Latest China Customs data for December shows low-value and e-commerce exports falling -9% year-on-year, the first decline since January 2022 following two months of flat growth. For an air cargo market that has been turbocharged by cross-border e-commerce since late 2023 – and which relies on e-commerce for some 20-25% of its total annual volumes globally – this is a trend airline and freight forwarders will be closely monitoring.
With the US de minimis ban now firmly in place, China-to-US e-commerce exports extended their steep decline, down more than -50% for a third consecutive month in December. For full year 2025, e-commerce exports fell -28% versus the prior year.
The move by China’s big e-commerce platforms to grow their share of the European market, to offset higher costs impacting volumes into the US, has provided more positive news on this corridor in recent months, but this, too, is now looking exposed.
The growth of China-to-Europe e-commerce volumes slowed to roughly +8% in December compared to a growth rate of +54% over the first 11 months of 2025. And, when excluding Russia, e-commerce sales from China to the rest of Europe declined a considerable -23% year-on-year.
Van de Wouw said: “In October, we said air cargo’s e-commerce growth engine was showing signs of slowing down, but that this could be just a blip.
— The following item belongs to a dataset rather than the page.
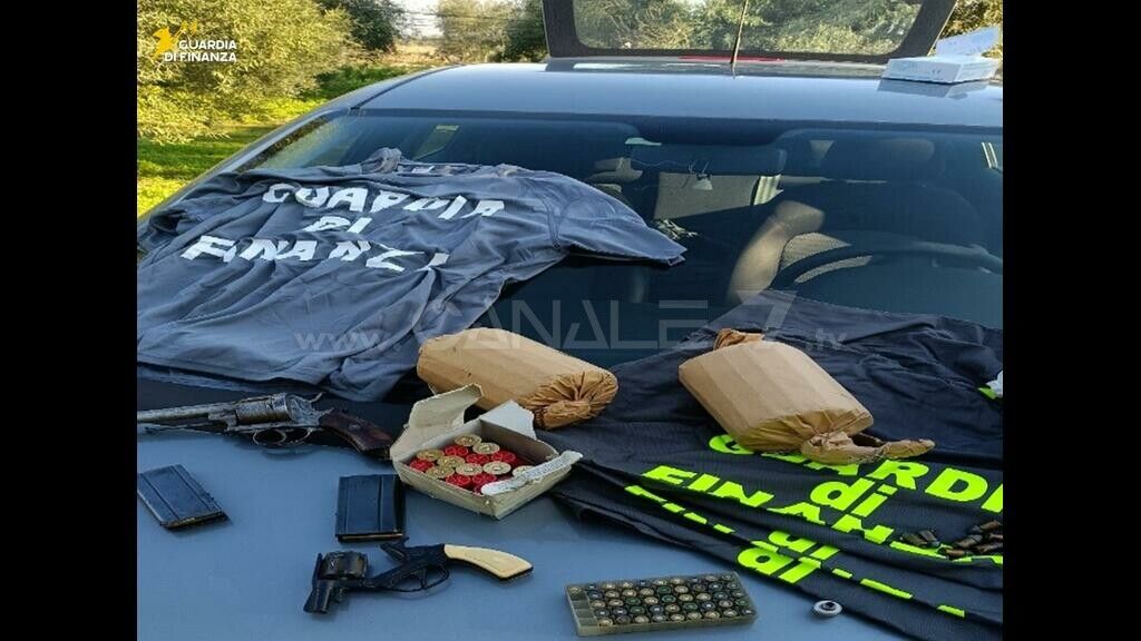 TRANI - Nel corso della quotidiana attività finalizzata ad assicurare il costante controllo economico del territorio lungo l’intera direttrice adriatica rientrante nell’area di competenza (provincie di Bari e Barletta-Andria-Trani), l’attenzione dei militari del Gruppo Pronto Impiego Bari è stata richiamata da un complesso immobiliare, con ogni probabilità destinato a residenza estiva, nell’agro di Trani protetto, lungo i muri perimetrali, da un sofisticato sistema di videosorveglianza. Gli approfondimenti sviluppati a posteriori hanno dato conferma che il complesso immobiliare individuato, costituito da diverse pertinenze, oltre che da un corpo centrale, è risultato riconducibile ad alcuni noti pregiudicati locali, in un recente passato coinvolti in fatti di cronaca giudiziaria legati a traffico di sostanze stupefacenti. Le successive attività di ricognizione aerea, condotte con l’ausilio della Sezione Aerea del Reparto Aeronavale della Guardia di Finanza di Bari, hanno consentito osservare l’esistenza di parti di auto depositate. Così i Baschi Verdi del Comando Provinciale di Bari hanno dato corso a una perquisizione locale all’esito della quale è stato possibile rinvenire, abilmente occultati all’interno di alcune strutture precarie insistenti sul suolo, diverse parti di autovetture riconducibili a una Fiat 500L, una Fiat 500 Abarth e una Peugeot 208 frutto di attività furtiva e pronte per essere destinate al mercato illegale della ricambistica auto. Inoltre, all’esito di ulteriori e più approfondite ricerche sono state rinvenute 2 pistole in buono stato di conservazione e numerose munizioni di vario calibro, oltre a 2 ordigni esplosivi di preparazione artigianale unitamente ad alcune casacche contraffatte, riportanti i segni distintivi della Guardia di finanza. Due persone sono state denunciate.
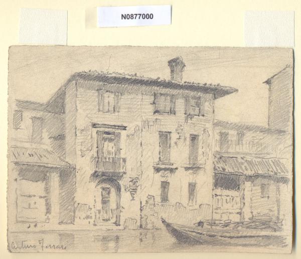 - NOTIZIE STORICO CRITICHE L'artista ha definito il disegno "A Santa Sofia" nella pagina manoscritta che accompagna il sesto dei diciotto fascicoli della raccolta denominata "Vecchia Milano". A proposito del foglio in esame si segnalano, per l'affinità del punto di ripresa, due analoghe vedute ad olio su cartone eseguite dallo stesso Ferrari, attualmente conservate l'una presso il Museo di Milano e l'altra presso la Galleria Giannoni a Novara; se nel disegno l'attenzione dell'artista è concentrata sulla definizione di un edificio, in entrambe le vedute ad olio, anch'esse ad orientamento orizzontale, si ottiene una visione più ampia che inquadra anche parte della via. \nLa via trae nome da una chiesa con annesso monastero, in origine detto di Santa Maria degli Angeli e attualmente denominato di Santa Maria della Visitazione, che, nel 1578, San Carlo destinò alle fanciulle rimaste orfane in seguito alla pestilenza del 1576, ponendolo sotto la protezione di Santa Sofia. Sofia fu una ricca vedova milanese, convertita al cristianesimo dal vescovo di Milano San Caio alla fine del I sec. d.C., che, recatasi a Roma con le tre figlie, venne martirizzata sulla via Aurelia. Le principali trasformazioni della zona risalgono al 1929 quando venne interrato il Naviglio, costruito nel Medioevo a protezione della città, che iniziava dal Ponte di Porta Romana e che correva lungo questa via. \nIn origine i Navigli costituivano la fossa interna che assurgeva al compito di arteria urbana per il traffico natante e cingeva la parte più cospicua della città. Attualmente il termine "Navigli", a Milano, identifica i due tratti scoperti del Naviglio Grande (fra le odierne Ripa di Porta Ticinese e l'Alzaia Naviglio Grande, in direzione di via Lodovico il Moro per Buccinasco e Corsico) e del Naviglio Pavese (fra via Ascanio Sforza e l'Alzaia Naviglio Pavese lungo via Chiesa Rossa per raggiungere Rozzano e collegarsi alla Strada dei Giovi) che si insinuano in città fino all'altezza di piazza XXIV Maggio e in senso più generale l'area compresa fra i due Navigli.\nLa vedova di Ferrari, proponendo i disegni all'attenzione del Comune di Milano, riconduceva la loro realizzazione agli ultimi anni di vita del marito. Una delle opere reca la data 1926; inoltre presso il Museo di Milano si conserva un'altra serie di 16 analoghe vedute a matita di Ferrari, datate dal 1924 al 1931. Pertanto si ritiene che la serie del Civico Gabinetto dei Disegni sia stata eseguita nell'arco cronologico dal 1924 al 1932. \nIn quell'epoca Milano stava conoscendo notevoli trasformazioni urbanistiche e il pittore, per contrastare la perdita di memoria provocata dalle demolizioni, decise di fissare nei suoi disegni gli angoli e gli scorci destinati a un radicale cambiamento.

We saw this again in November, and we said if it happened for a third consecutive month in December, this would signal a trend. This is now the situation.
“If it remains flat or declines further, it will certainly affect many organisation’s growth plans, including those with commitments to freighter conversions that will be relying on the high level of e-commerce demand we have seen in recent years.”
Regulation is undoubtedly a factor adding friction to e-commerce trade. US de minimis bans, the EU’s proposed processing fee, and new rules in Japan and Thailand all threaten to dull one of air freight’s most reliable sources of demand.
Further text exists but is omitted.